ACLJ in Court on Behalf of Crisis Pregnancy Centers
Yesterday I had the honor of presenting argument to the 9th Circuit Court of Appeals in San Francisco on behalf of three California crisis pregnancy centers (CPC) challenging that state’s recently enacted Reproductive FACT Act. (A video of the argument can be viewed here.) Our clients, LivingWell Medical Clinic, Pregnancy Care Center North Coast, and Confidence Pregnancy Center, are nonprofit pregnancy resource centers that exist to help women facing unplanned pregnancies by offering counseling about options, pregnancy tests, limited obstetrical ultrasounds, and material assistance. All services are provided free of charge. Because our clients believe that abortion is a bad option for women, they tailor their approach in a way that focuses on encouraging women to accept the gift of new life and bring their babies to term.
The centers do not refer for or counsel in favor of abortion at any time. The new California law, however, compels them to post a sign in their waiting rooms, or hand to each potential client a notice that tells them that their state government will provide them with a free abortion (assuming they meet eligibility requirements) and tells them to call the phone number of a local social services office for more information. In other words, these centers, whose very existence is premised on a mission to discourage abortion (and encourage life) are forced – at the very outset of their contact with women in crisis – to become cheerleaders for NARAL, the co-sponsor and probable author of the FACT Act.

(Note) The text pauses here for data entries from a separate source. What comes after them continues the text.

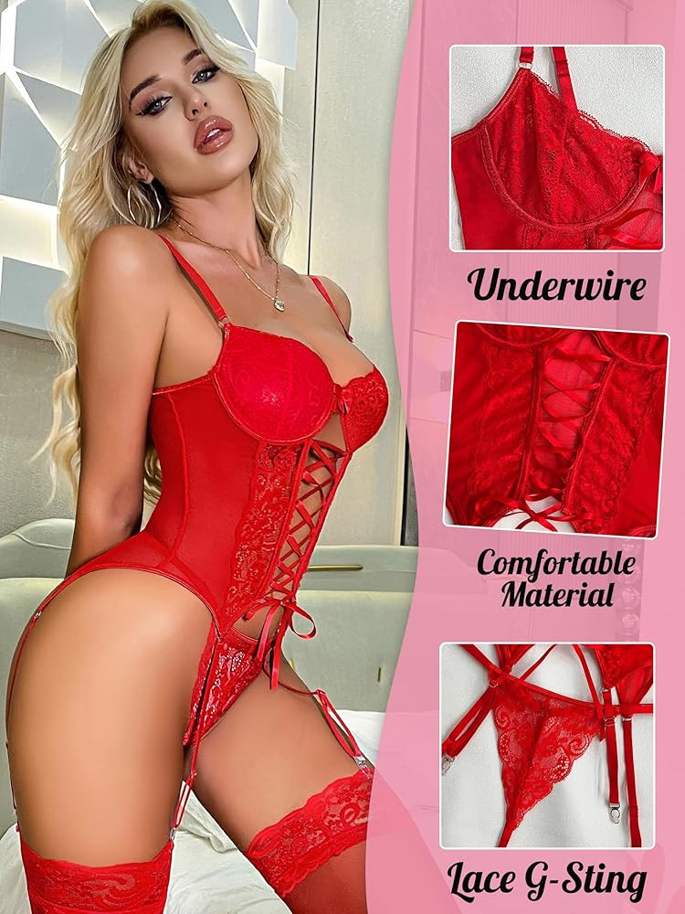 Our valentines lingerie set is sure to impress! This lingerie bodysuit set with garter belt is made with high-quality materials and features delicate lace and accents.This garter lingerie set is perfect for a romantic ni
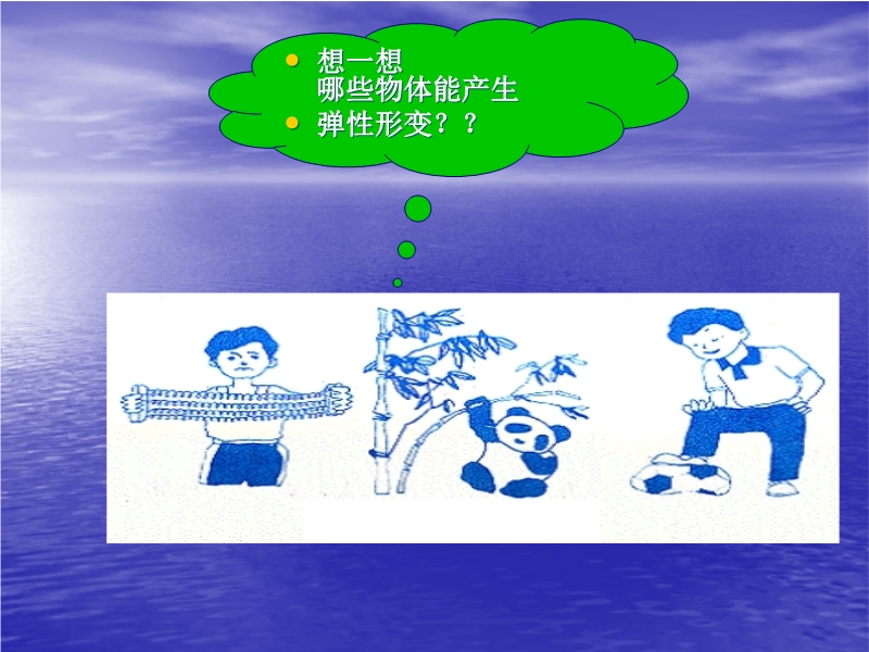【内容简介】本课件以沪科版新教材第六章第三节《6.3弹力与弹簧测力计》为基础制作,共有18张幻灯片。课件引导学生认识了弹性形变、弹力,引导学生讨论了弹簧测力计的原理,展示了常见的弹簧测力计,引导学生认识了它的结构,讨论了弹簧测力计的使用方法等。本课件可供教学“弹力、弹簧测力计”时参考使用。
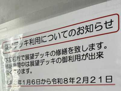 今回訪れた時には、展望デッキが修繕中で海まで行くことができませんでした。 また春ごろにでも、リベンジしに行ってみたいなと思います。
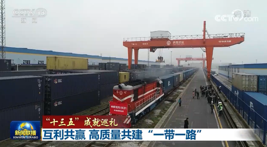 在湖南長(zhǎng)沙,滿載零部件的中歐班列,即將開往白俄羅斯明斯克的中白工業(yè)園。在安徽合肥,今年第500列中歐班列,滿載著為歐洲訂制的白色家電鳴笛啟程,開往11000公里外的德國(guó)杜伊斯堡。
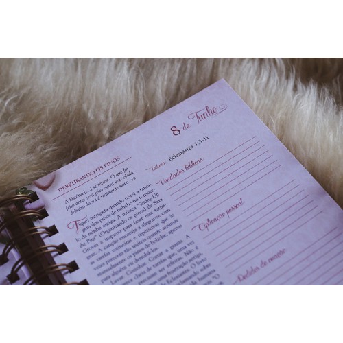 Este diário contém um plano de leitura anual da Bíblia, uma meditação para cada dia do ano, espaços ..

Along with Kevin Snider of the Pacific Justice Center and Matt Bowman of the Alliance Defending Freedom, who represent other California CPCs, we presented arguments focusing on how the FACT Act violates our clients’ Free Speech rights as protected by the First Amendment. The Supreme Court has long held that, under the First Amendment, just as government is not allowed to tell citizens what they cannot say, even so it cannot dictate to citizens what they must say. And any exceptions to this general rule require that speech restricting – or compelling – laws be subjected to (at least) exacting scrutiny that asks whether the government has tried alternative, less restrictive, ways of attaining its goals. (You can read our legal briefs here and here.) Federal courts in both New York (2d Circuit) and Maryland (4th Circuit) have, in recent years, upheld injunctions against laws similar to the FACT Act, pointing out that the government has ample means to spread its own message without conscripting crisis pregnancy centers to speak that message for them. So far, however, the lower courts in California have not followed the lead of those other courts and have denied requests for injunctions made by our clients and other CPCs. We are arguing that the 9th Circuit should reverse the lower courts and protect the First Amendment rights of the CPCs.
Some of the questions from the Court at yesterday’s argument highlighted that the State of California really doesn’t appear to have given much thought to alternative ways to get its message out about public assistance available for so-called “reproductive services” such as abortion. Rather, urged on by the abortion partisans of NARAL, the State has chosen to sacrifice the First Amendment freedoms of abortion opponents by forcing them to act as ventriloquist’s dummies for a message they consider harmful to the women they seek to help.
We are cautiously optimistic that – whether at the 9th Circuit or, if necessary, at the Supreme Court of the United States – the First Amendment rights of California’s CPCs will be vindicated.